Não existe almoço grátis

 

O que leva 11 vereadores a queimarem seus filmes defendendo um prefeito supostamente flagrado em diálogos um tanto quanto duvidosos? O que os faz quererem criminalizar o denunciante em vez de se aterem ao conteúdo da denúncia, e ao que diz o denunciado nas evidências reunidas pelos autores do pedido de cassação? Conforme o Agora detalha na capa e na página 3 de hoje, apenas cinco vereadores afirmaram ter visto algo substancial no teor dos áudios divulgados por Marcelo Máximo de Morais, o Marreco, ex-aliado de Galileu Machado (MDB).

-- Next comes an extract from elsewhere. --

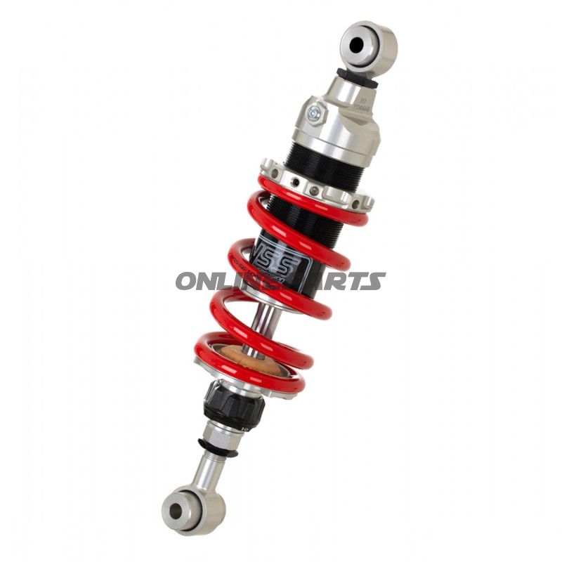 Die Federvorspannung wird mit einer Grubenschraube gesichert, was sicherstellt, dass die Einstellung während des Gebrauchs stabil bleibt. Darüber hinaus kann die Länge des Dämpfers um +/- 5 mm angepasst werden, was noch mehr Flexibilität bei der Anpassung an Ihr Motorrad bietet.

Sob vaias, gritos e xingamentos, Ademir Silva, César Tarzan, Delano Santiago, Eduardo Print Júnior, Josafá Anderson, Rodrigo Kaboja, Marcos Vinícius, Nêgo do Buriti, Raimundo Nonato, Renato Ferreira e Zé Luiz da Farmácia indicaram que estão mais ao lado de Galileu que ao lado do povo. Ao que parece, estão ao lado, como o próprio Ademir Silva disse recentemente durante seu pronunciamento na Câmara, das obras e dos cargos que o prefeito dá a quem o protege. Ao livrarem Galileu de uma possível cassação, esses vereadores fizeram, à sua maneira, como aqueles deputados federais que livraram Temer de denúncias por duas vezes, custando R$ 12 bilhões aos cofres públicos, pagos em cargos e benesses de valor inestimável – dentre elas, o afrouxamento da lei de combate ao trabalho escravo, que serviu para beneficiar os parlamentares pecuaristas, que exploram mão de obra barata em suas grandes propriedades.

Mas e os vereadores de Divinópolis? Ganharam o quê? Como será o pagamento? Obras? Cargos na Prefeitura? Não existe almoço grátis. Nenhum político que se preze se submete a tamanho vexame de graça. Principalmente os que miram a reeleição ou a conquista de um cargo mais alto. E os argumentos apresentados por eles são vergonhosos.

Tentaram de tudo — até mesmo desqualificar o caráter do denunciante, como se Galileu já não fosse alvo de inúmeros processos judiciais, inclusive por nepotismo. Tática velha. Em vez de combater o fato denunciado, combate-se o denunciante. Se a denúncia apresentada por Marreco fosse infundada, como alegaram alguns dos nobres vereadores, eles não teriam corrido tanto para acelerar a instauração da Comissão Parlamentar de Inquérito (CPI) e enfraquecer a Denúncia de Infração Político-Administrativo, da Associação dos Advogados do Centro-Oeste de Minas (AACO), rejeitada ontem.

Defender o arquivamento do pedido de cassação sob o argumento de que não se sabe se as gravações são verdadeiras é surreal. A simples aceitação da denúncia não implicaria na imediata cassação de Galileu. Esses 11 vereadores se omitiram do papel de representar o povo no Poder Legislativo – que é a função essencial do cargo que eles ganharam nas urnas. Afinal, o povo quer resultado, quer representatividade. O presidente Adair Otaviano (MDB) pode ter instaurado a Comissão Parlamentar de Inquérito sobre o teor das gravações. Mas isso não terá o mesmo efeito que poderia decorrer da aceitação da denúncia, porque ainda não se sabe de CPI local que tenha tido resultado concreto – exemplo é a da Copasa, que resultou em um relatório que não resultou em nada.

Agora a associação de advogados que ofereceu a denúncia tentará invalidar a votação de ontem sob a alegação de que Kaboja não poderia ter votado, pois é citado na denúncia. Mesmo que consiga e a votação ocorra novamente, os vereadores que fizeram pactos de sangue com o prefeito poderão renová-los. Desta vez, porém, muito mais desgastados diante da opinião pública.